Which accounts should be subject to continuous monitoring using data analytics?

Continuous monitoring with data analytics should prioritize accounts that present the greatest operational, financial, and reputational risk. Privileged user accounts that control infrastructure and security settings deserve uninterrupted oversight because compromise yields broad system access. Customer-facing financial accounts, including retail banking and payment wallets, require continuous analysis to detect fraud and money-laundering patterns. Third-party and vendor accounts that integrate with core systems must be watched to prevent supply-chain breaches. Cultural and territorial variations matter: mobile-money accounts in sub-Saharan Africa are functionally similar to retail bank accounts in developed markets and often present unique fraud vectors tied to local practices.

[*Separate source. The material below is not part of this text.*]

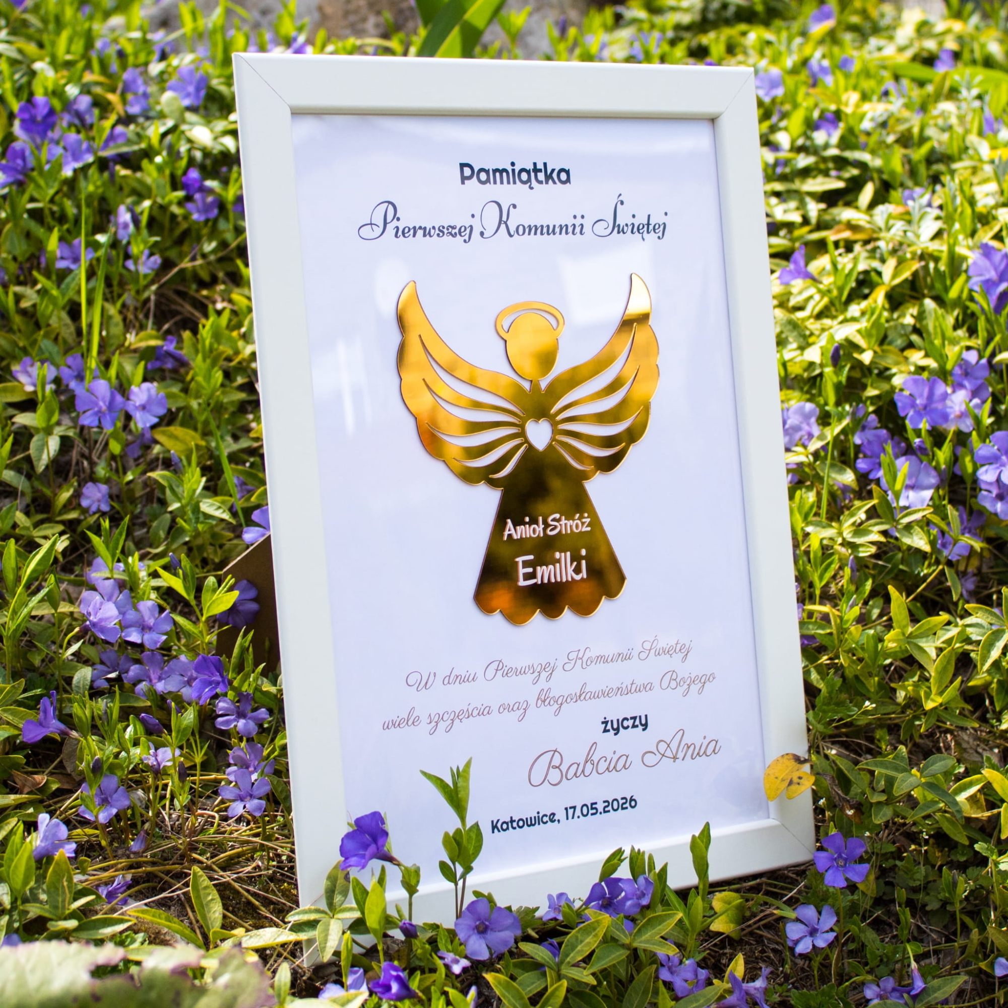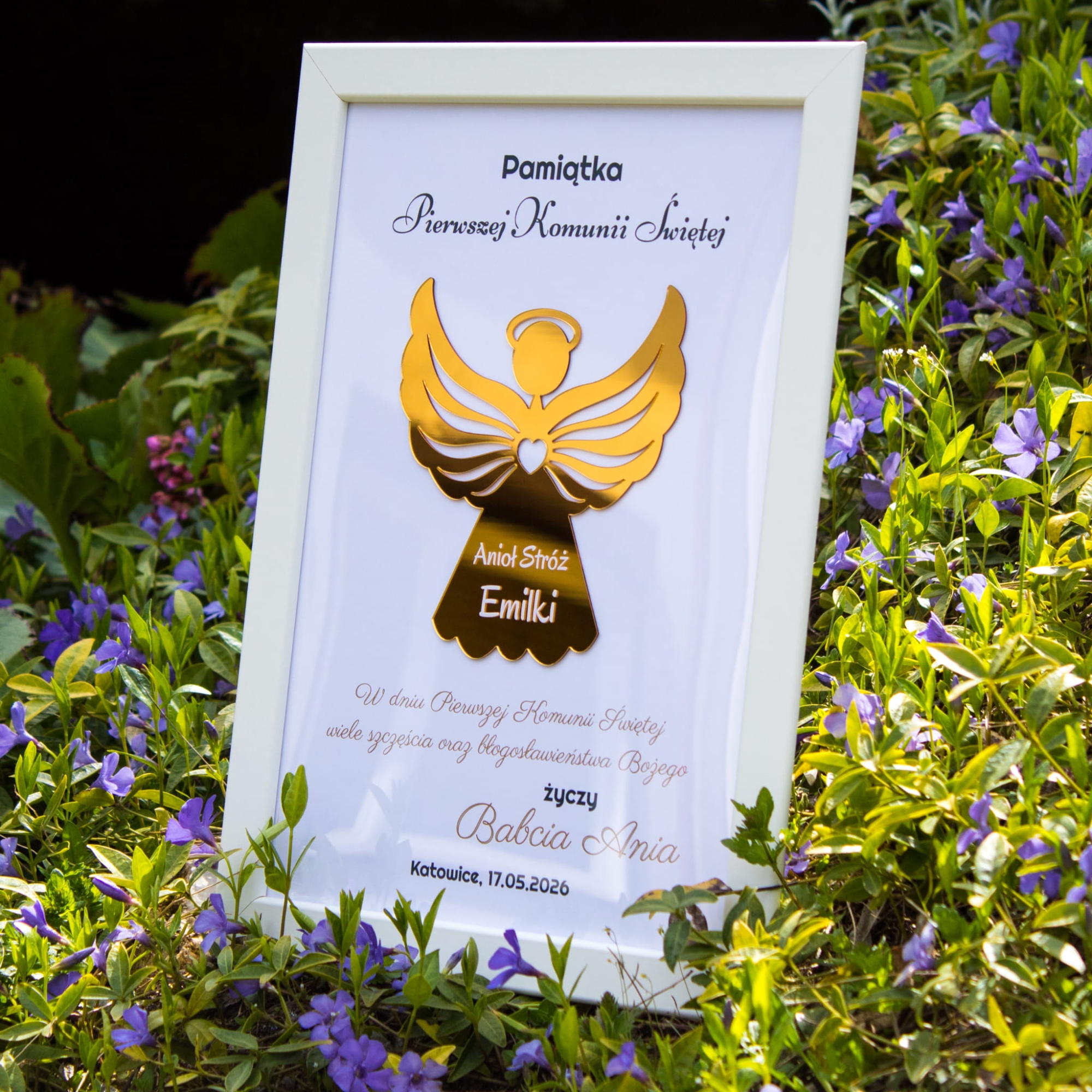 Złoty Anioł Stróż w ramce – wyjątkowy prezent na Komunię

Operational and security accounts

Operational service accounts used by automated processes and Internet of Things endpoints must be monitored for anomalous behavior, since they often run with elevated privileges and can be hijacked to pivot across networks. The cybersecurity expert Bruce Schneier at Harvard Kennedy School has emphasized that adversaries exploit overlooked accounts and automated mechanisms, making continuous monitoring a core defensive practice. Real-time analytics can flag deviations in access patterns, credential use, and configuration drift before they enable lateral movement.

Financial, regulatory, and customer accounts

Financial regulators and compliance officers expect institutions to use analytics for transaction monitoring and suspicious-activity reporting, and modern data techniques improve detection rates without overwhelming analysts. The analytics scholar Thomas H. Davenport at Babson College has documented how continuous data monitoring transforms decision-making and risk detection in enterprises. Monitoring should include high-risk customer segments, cross-border payment corridors, and any accounts tied to politically exposed persons or sanctioned entities, because the consequences of missed signals include regulatory fines, loss of trust, and systemic contagion.

Effective continuous monitoring combines behavioral baselines, anomaly detection, and contextual enrichment from identity and geolocation signals. Human factors are critical: teams must tune alerts to local business rhythms to avoid alert fatigue while ensuring cultural norms do not mask abuse. Environmental and territorial issues such as intermittent connectivity or regional privacy laws also shape what telemetry is available and how it can be processed. Prioritizing privileged, financial, third-party, and operational accounts with analytics-driven, context-aware monitoring yields the best balance of security, compliance, and customer protection.